──────── RECORDS FOR THE EXERCISE ────────
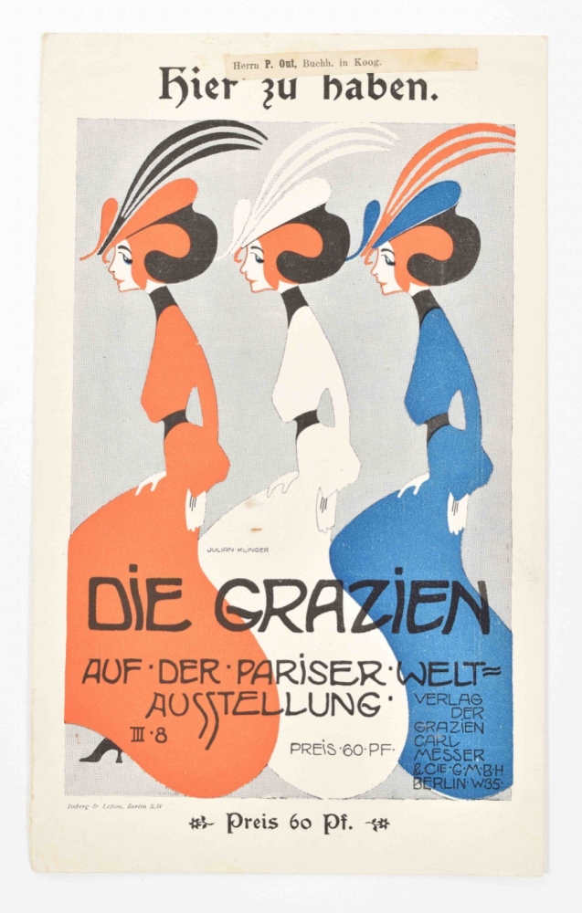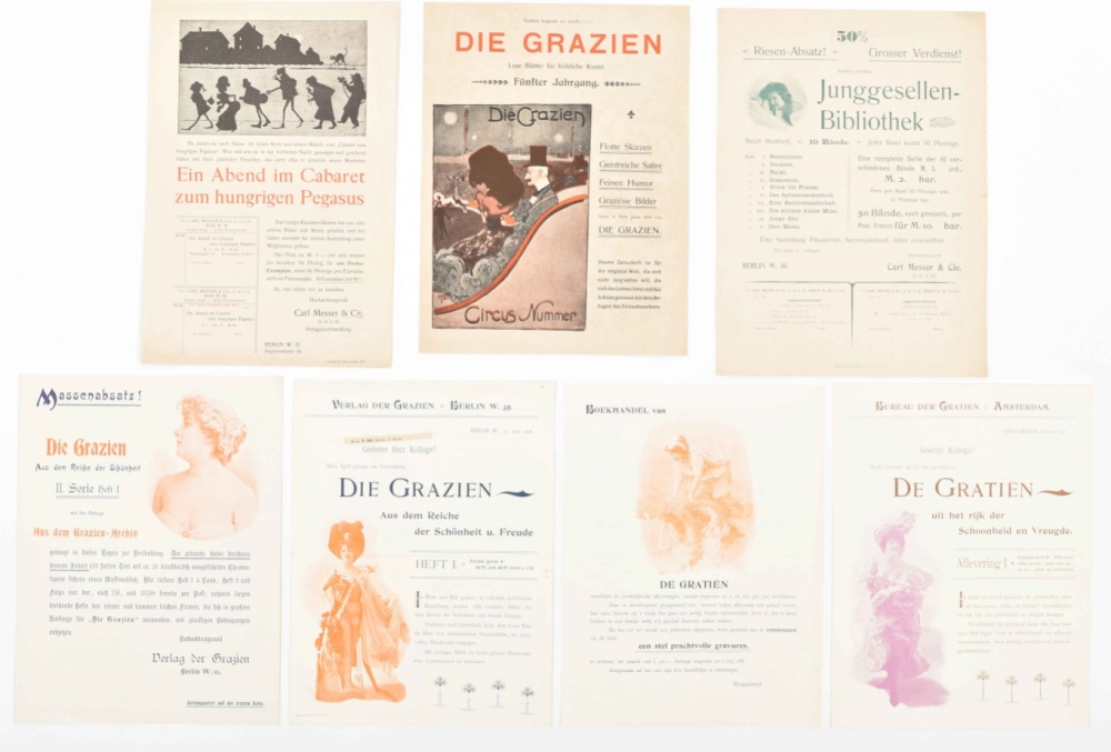 Berlin, Verlag der Grazien/ Carl Messer & Cie (2x Bureau der Grazien, Amsterdam), mostly undated (ca. 1900), 2-4 p., ills. after Julian Klinger, Knut Hansen, E.M. Lilien a.o. and photogr. ills., var. sizes. All w. folds.
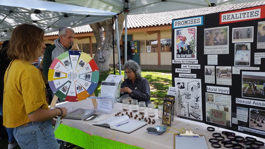 My time at Santa Barbara High School working with Truth in Recruitment was satisfying and it felt like we (Lisha) and I made a big splash. Many students were at the table and we spoke to a great many and had several penetrating conversations. The students were open to what we had to say and they answered our many prodding questions about what they know about the military and about their plans for the future. We were badly needed and outnumbered, so it was nice to have Americorp there as “an alternative” in addition to reminding them at SBCC is free for them. I greatly appreciated all the work that Kate and Lisha have done with all the games, the posters and information. The buttons, literature and games were magnets, and provided an “in” into their thinking about the military and whether they wish to join it. Quick suggestion: I would have a poster with at least six alternatives to the military. I was unsure whether or not the game which is a “wheel” was ever used, most of the students did not know the people on it. Perhaps a few basics on “THE MILITARY” and its environmental record, since all the students indicated concern for the environment.
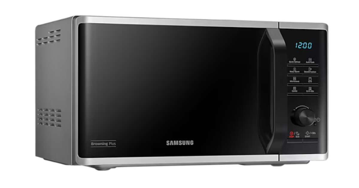 Ezt a terméket így is ismerheted: Samsung MG23K3515AS/EO Szabadonálló Mikrohullámú sütő, 23L, 800W, 6 fokozat, Browning Plus, Keep Warm, Grill, Szürke-Fekete
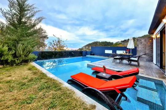 Villa Muzo 1, Kalkan'ın huzur dolu İslamlar mevkiinde konumlanmış, özel balayı tatilleri için ideal bir kiralık villadır. Tek yatak odalı ve 2 kişilik konaklama kapasitesine sahip olan bu villa, gözlerden uzak, muhafazakar bir tatil deneyimi sunmaktadır.
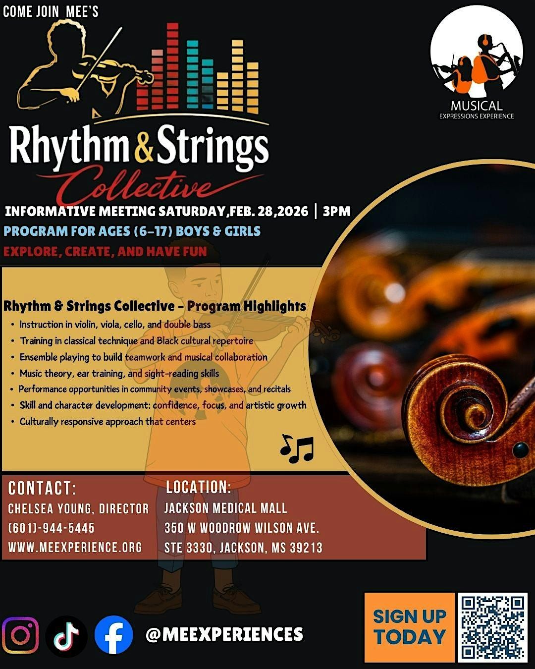 Join Musical Expressions Experience for an in-person informational meeting for the Rhythm & Strings Collective, a youth strings program celebrating Black classical musicianship and empowering K–12 students through violin, viola, cello, and bass.
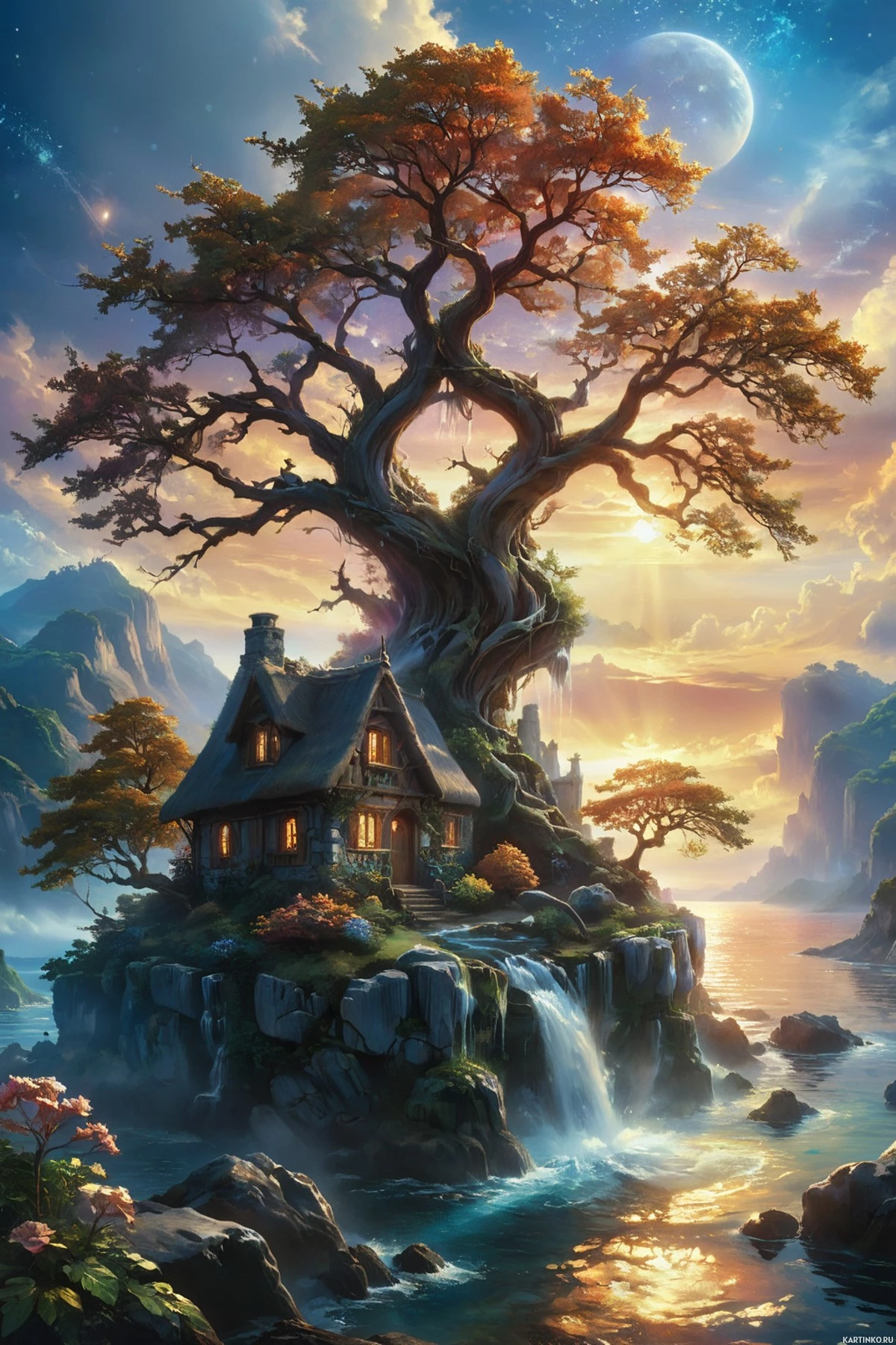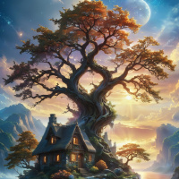 The image depicts a whimsical and fantastical scene. At the center is a large, intricately detailed tree with branches that form a canopy over a cozy,
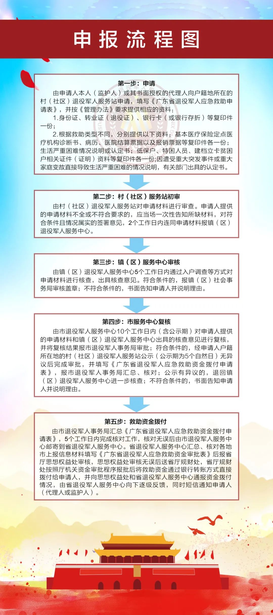廣東省退役軍人應(yīng)急救助資金自2019年7月設(shè)立以來,為我市退役軍人及其他優(yōu)撫對象提供了有力的幫扶援助。 其救助類型主要分為四類:申請人因患重大疾病、發(fā)生重大突發(fā)事件、發(fā)生重大家庭變故或其他特殊情況導(dǎo)致基本生活嚴(yán)重困難的。符合條件的申請人可向戶籍地所在的村(社區(qū))退役軍人服務(wù)站進(jìn)行申請。 |
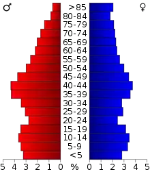 Of the 14,055 households, 30.1% had children under the age of 18 living with them, 50.1% were married couples living together, 10.3% had a female householder with no husband present, 34.5% were non-families, and 29.9% of all households were made up of individuals. The average household size was 2.36 and the average family size was 2.90. The median age was 41.6 years.[12]
────────
INSTRUCTIONS FOR THE TASK
The copy must reproduce the listing above verbatim and contain no pictures.

RESPONSE FOR THIS EXERCISE
 Berlin, Verlag der Grazien/ Carl Messer & Cie (2x Bureau der Grazien, Amsterdam), mostly undated (ca. 1900), 2-4 p., ills. after Julian Klinger, Knut Hansen, E.M. Lilien a.o. and photogr. ills., var. sizes. All w. folds.
 My time at Santa Barbara High School working with Truth in Recruitment was satisfying and it felt like we (Lisha) and I made a big splash. Many students were at the table and we spoke to a great many and had several penetrating conversations. The students were open to what we had to say and they answered our many prodding questions about what they know about the military and about their plans for the future. We were badly needed and outnumbered, so it was nice to have Americorp there as “an alternative” in addition to reminding them at SBCC is free for them. I greatly appreciated all the work that Kate and Lisha have done with all the games, the posters and information. The buttons, literature and games were magnets, and provided an “in” into their thinking about the military and whether they wish to join it. Quick suggestion: I would have a poster with at least six alternatives to the military. I was unsure whether or not the game which is a “wheel” was ever used, most of the students did not know the people on it. Perhaps a few basics on “THE MILITARY” and its environmental record, since all the students indicated concern for the environment.
 Ezt a terméket így is ismerheted: Samsung MG23K3515AS/EO Szabadonálló Mikrohullámú sütő, 23L, 800W, 6 fokozat, Browning Plus, Keep Warm, Grill, Szürke-Fekete
 Villa Muzo 1, Kalkan'ın huzur dolu İslamlar mevkiinde konumlanmış, özel balayı tatilleri için ideal bir kiralık villadır. Tek yatak odalı ve 2 kişilik konaklama kapasitesine sahip olan bu villa, gözlerden uzak, muhafazakar bir tatil deneyimi sunmaktadır.
 Join Musical Expressions Experience for an in-person informational meeting for the Rhythm & Strings Collective, a youth strings program celebrating Black classical musicianship and empowering K–12 students through violin, viola, cello, and bass.
 The image depicts a whimsical and fantastical scene. At the center is a large, intricately detailed tree with branches that form a canopy over a cozy,
廣東省退役軍人應(yīng)急救助資金自2019年7月設(shè)立以來,為我市退役軍人及其他優(yōu)撫對象提供了有力的幫扶援助。 其救助類型主要分為四類:申請人因患重大疾病、發(fā)生重大突發(fā)事件、發(fā)生重大家庭變故或其他特殊情況導(dǎo)致基本生活嚴(yán)重困難的。符合條件的申請人可向戶籍地所在的村(社區(qū))退役軍人服務(wù)站進(jìn)行申請。 |
 Of the 14,055 households, 30.1% had children under the age of 18 living with them, 50.1% were married couples living together, 10.3% had a female householder with no husband present, 34.5% were non-families, and 29.9% of all households were made up of individuals. The average household size was 2.36 and the average family size was 2.90. The median age was 41.6 years.[12]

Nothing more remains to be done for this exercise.